Task requirements
Retype word for word the stretch of entries below from the line that has "可以看到,28nm时,还只要" through the line that has "截至2015年6月末,全國(guó)光伏", and omit the pictures.

Records for the exercise
BEGIN

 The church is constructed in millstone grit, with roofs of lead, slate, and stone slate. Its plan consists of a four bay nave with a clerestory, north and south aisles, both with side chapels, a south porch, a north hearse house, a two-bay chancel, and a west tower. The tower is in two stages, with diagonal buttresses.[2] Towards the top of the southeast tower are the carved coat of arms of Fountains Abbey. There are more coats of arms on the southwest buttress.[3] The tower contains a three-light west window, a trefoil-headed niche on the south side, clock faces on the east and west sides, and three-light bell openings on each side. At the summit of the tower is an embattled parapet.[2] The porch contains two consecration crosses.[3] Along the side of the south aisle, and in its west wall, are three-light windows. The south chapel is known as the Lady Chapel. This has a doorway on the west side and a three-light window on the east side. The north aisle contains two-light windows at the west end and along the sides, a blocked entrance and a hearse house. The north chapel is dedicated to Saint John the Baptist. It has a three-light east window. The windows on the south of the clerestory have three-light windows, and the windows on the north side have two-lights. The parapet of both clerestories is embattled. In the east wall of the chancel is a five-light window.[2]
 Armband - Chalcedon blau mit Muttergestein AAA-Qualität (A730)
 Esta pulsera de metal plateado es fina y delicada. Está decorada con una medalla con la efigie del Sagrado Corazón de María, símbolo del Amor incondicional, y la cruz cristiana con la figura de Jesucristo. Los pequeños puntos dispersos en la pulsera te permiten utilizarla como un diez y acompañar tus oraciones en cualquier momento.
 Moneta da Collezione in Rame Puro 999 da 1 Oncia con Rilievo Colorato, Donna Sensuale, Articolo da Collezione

END
BEGIN

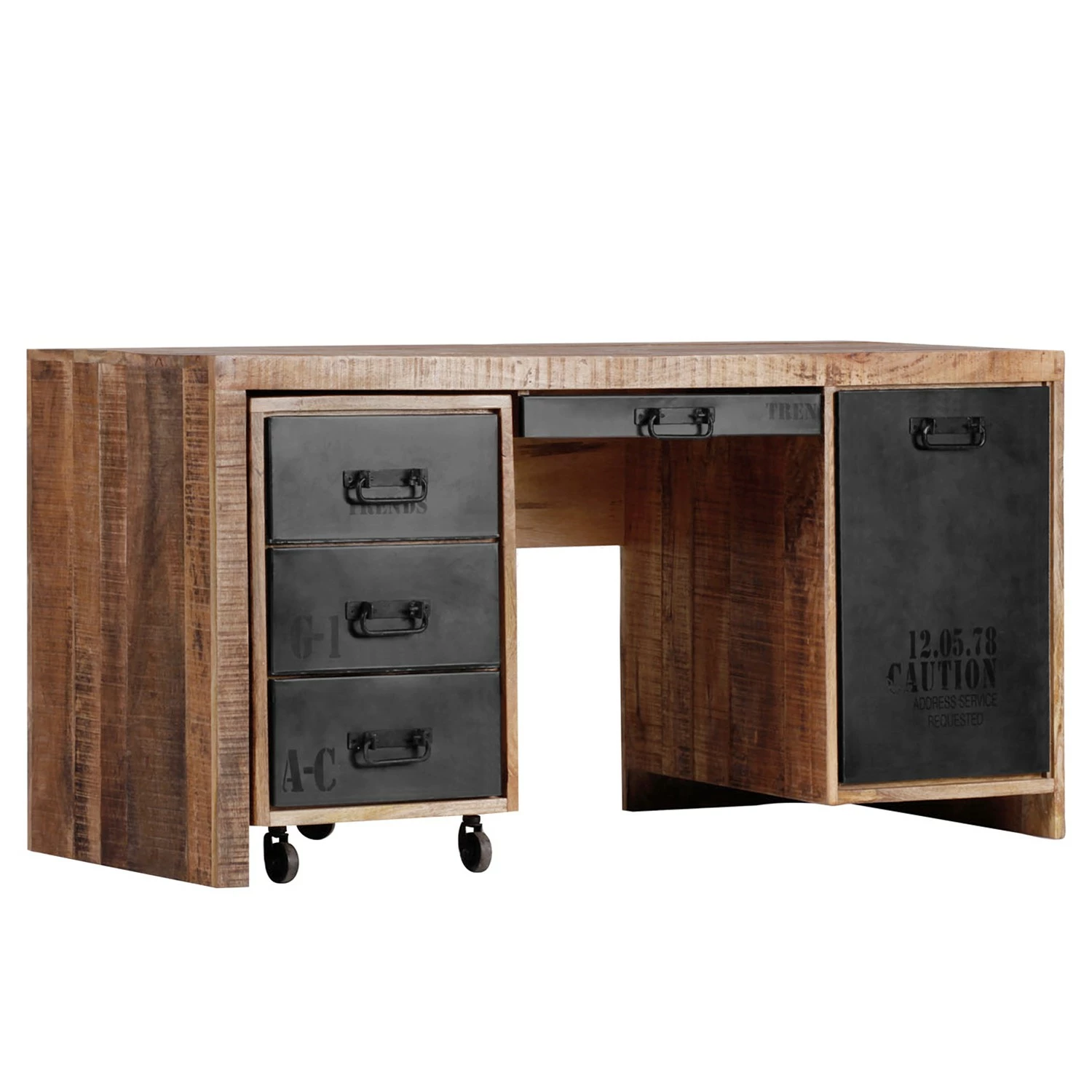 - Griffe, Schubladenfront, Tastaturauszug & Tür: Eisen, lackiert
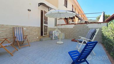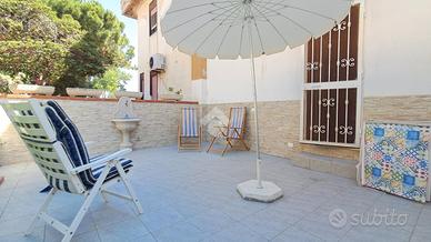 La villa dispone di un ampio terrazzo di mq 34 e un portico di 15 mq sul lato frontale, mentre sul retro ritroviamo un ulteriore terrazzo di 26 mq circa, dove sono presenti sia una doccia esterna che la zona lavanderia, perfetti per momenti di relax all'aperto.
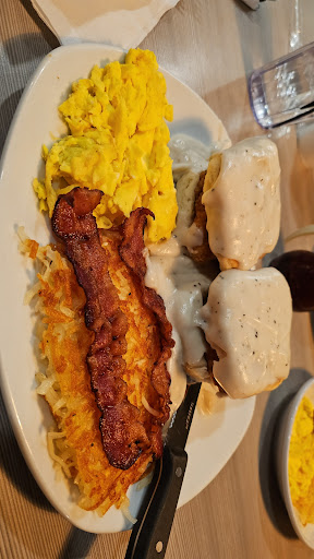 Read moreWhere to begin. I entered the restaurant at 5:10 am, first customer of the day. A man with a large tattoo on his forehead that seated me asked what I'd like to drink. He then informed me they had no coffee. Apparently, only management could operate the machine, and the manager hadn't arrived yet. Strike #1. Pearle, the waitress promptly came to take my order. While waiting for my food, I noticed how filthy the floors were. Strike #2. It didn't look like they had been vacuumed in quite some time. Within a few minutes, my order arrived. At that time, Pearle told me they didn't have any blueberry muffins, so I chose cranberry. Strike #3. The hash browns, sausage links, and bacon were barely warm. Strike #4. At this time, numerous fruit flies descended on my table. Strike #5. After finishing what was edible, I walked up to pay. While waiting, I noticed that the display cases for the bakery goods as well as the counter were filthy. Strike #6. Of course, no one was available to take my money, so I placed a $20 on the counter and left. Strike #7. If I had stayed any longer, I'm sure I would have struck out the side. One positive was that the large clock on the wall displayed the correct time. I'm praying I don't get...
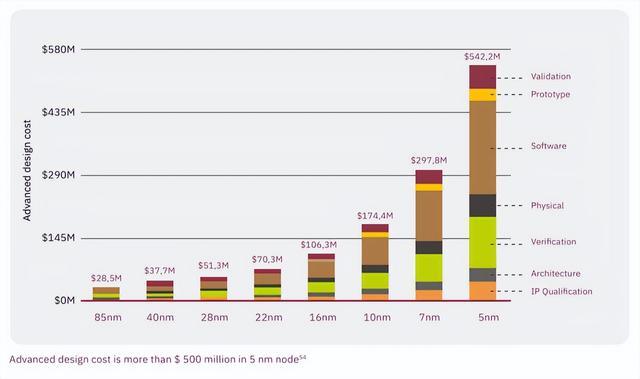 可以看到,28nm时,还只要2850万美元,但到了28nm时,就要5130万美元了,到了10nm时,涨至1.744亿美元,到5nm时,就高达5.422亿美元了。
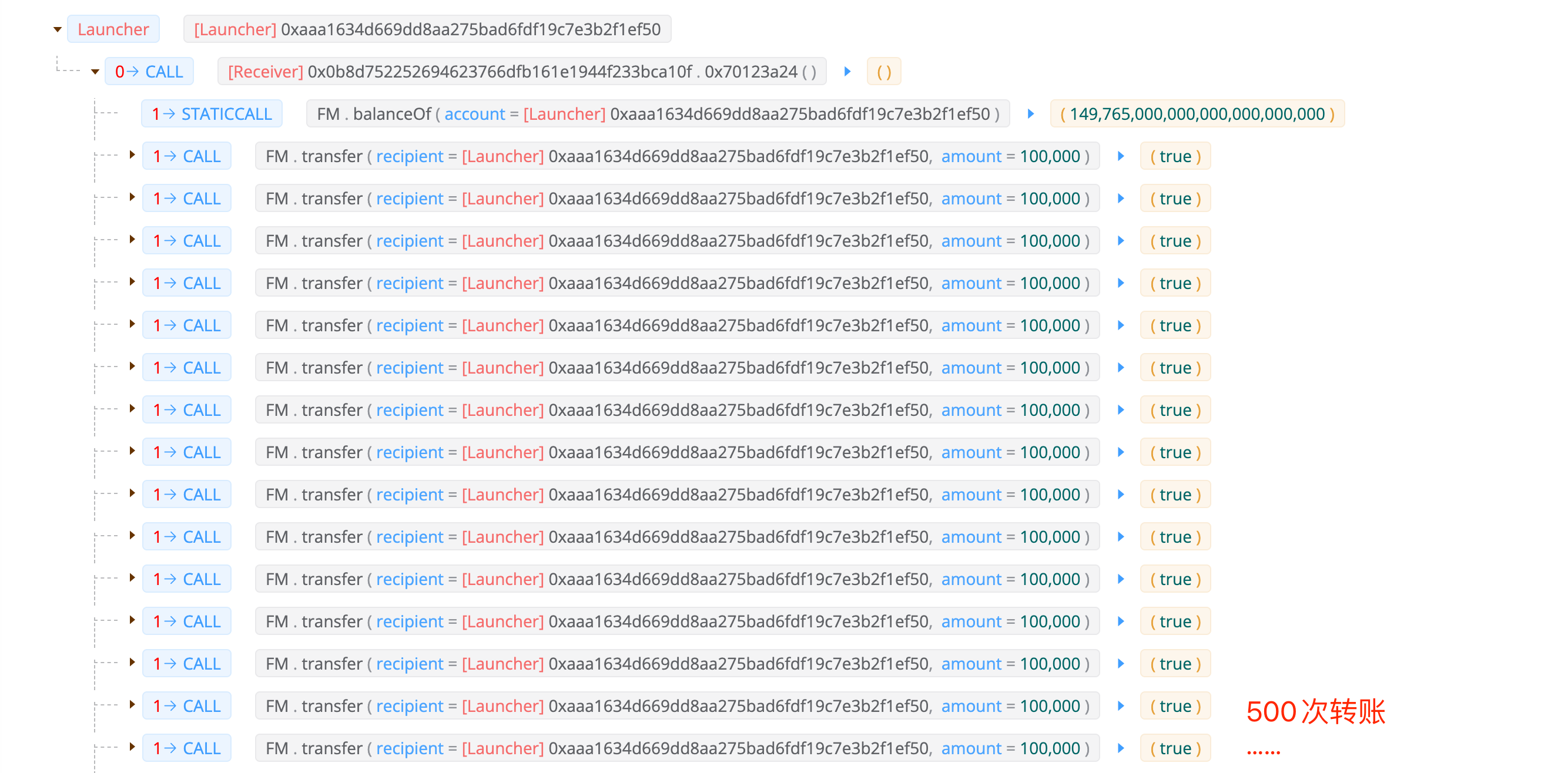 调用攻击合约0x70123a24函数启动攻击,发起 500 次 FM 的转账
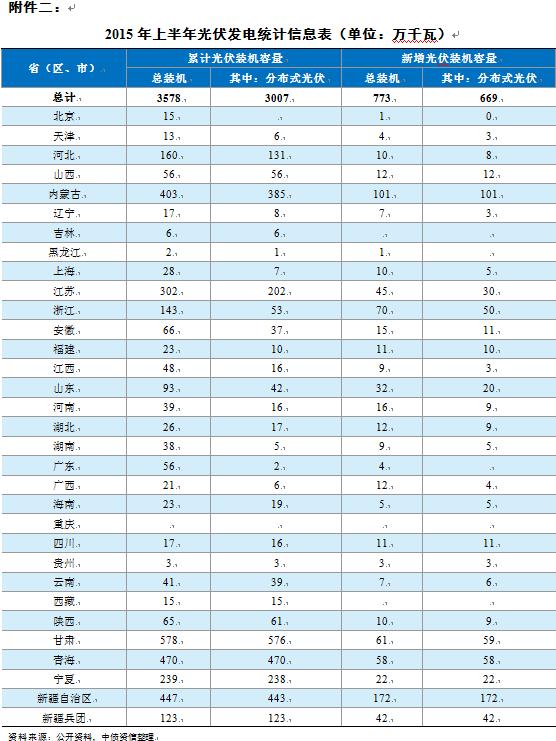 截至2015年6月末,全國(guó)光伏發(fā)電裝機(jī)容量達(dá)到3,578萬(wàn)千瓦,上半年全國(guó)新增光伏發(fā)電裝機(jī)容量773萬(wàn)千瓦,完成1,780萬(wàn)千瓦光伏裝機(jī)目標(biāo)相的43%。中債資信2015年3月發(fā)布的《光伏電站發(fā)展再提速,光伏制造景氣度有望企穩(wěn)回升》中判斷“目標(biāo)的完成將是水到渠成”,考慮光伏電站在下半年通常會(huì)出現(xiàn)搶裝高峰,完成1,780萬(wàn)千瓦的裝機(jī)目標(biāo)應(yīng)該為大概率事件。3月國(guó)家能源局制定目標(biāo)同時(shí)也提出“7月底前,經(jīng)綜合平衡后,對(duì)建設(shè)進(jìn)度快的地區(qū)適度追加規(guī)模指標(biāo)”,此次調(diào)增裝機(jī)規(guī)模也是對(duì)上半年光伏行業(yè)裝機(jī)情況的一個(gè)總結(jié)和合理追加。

END

Answer for this exercise
 可以看到,28nm时,还只要2850万美元,但到了28nm时,就要5130万美元了,到了10nm时,涨至1.744亿美元,到5nm时,就高达5.422亿美元了。
 调用攻击合约0x70123a24函数启动攻击,发起 500 次 FM 的转账
 截至2015年6月末,全國(guó)光伏發(fā)電裝機(jī)容量達(dá)到3,578萬(wàn)千瓦,上半年全國(guó)新增光伏發(fā)電裝機(jī)容量773萬(wàn)千瓦,完成1,780萬(wàn)千瓦光伏裝機(jī)目標(biāo)相的43%。中債資信2015年3月發(fā)布的《光伏電站發(fā)展再提速,光伏制造景氣度有望企穩(wěn)回升》中判斷“目標(biāo)的完成將是水到渠成”,考慮光伏電站在下半年通常會(huì)出現(xiàn)搶裝高峰,完成1,780萬(wàn)千瓦的裝機(jī)目標(biāo)應(yīng)該為大概率事件。3月國(guó)家能源局制定目標(biāo)同時(shí)也提出“7月底前,經(jīng)綜合平衡后,對(duì)建設(shè)進(jìn)度快的地區(qū)適度追加規(guī)模指標(biāo)”,此次調(diào)增裝機(jī)規(guī)模也是對(duì)上半年光伏行業(yè)裝機(jī)情況的一個(gè)總結(jié)和合理追加。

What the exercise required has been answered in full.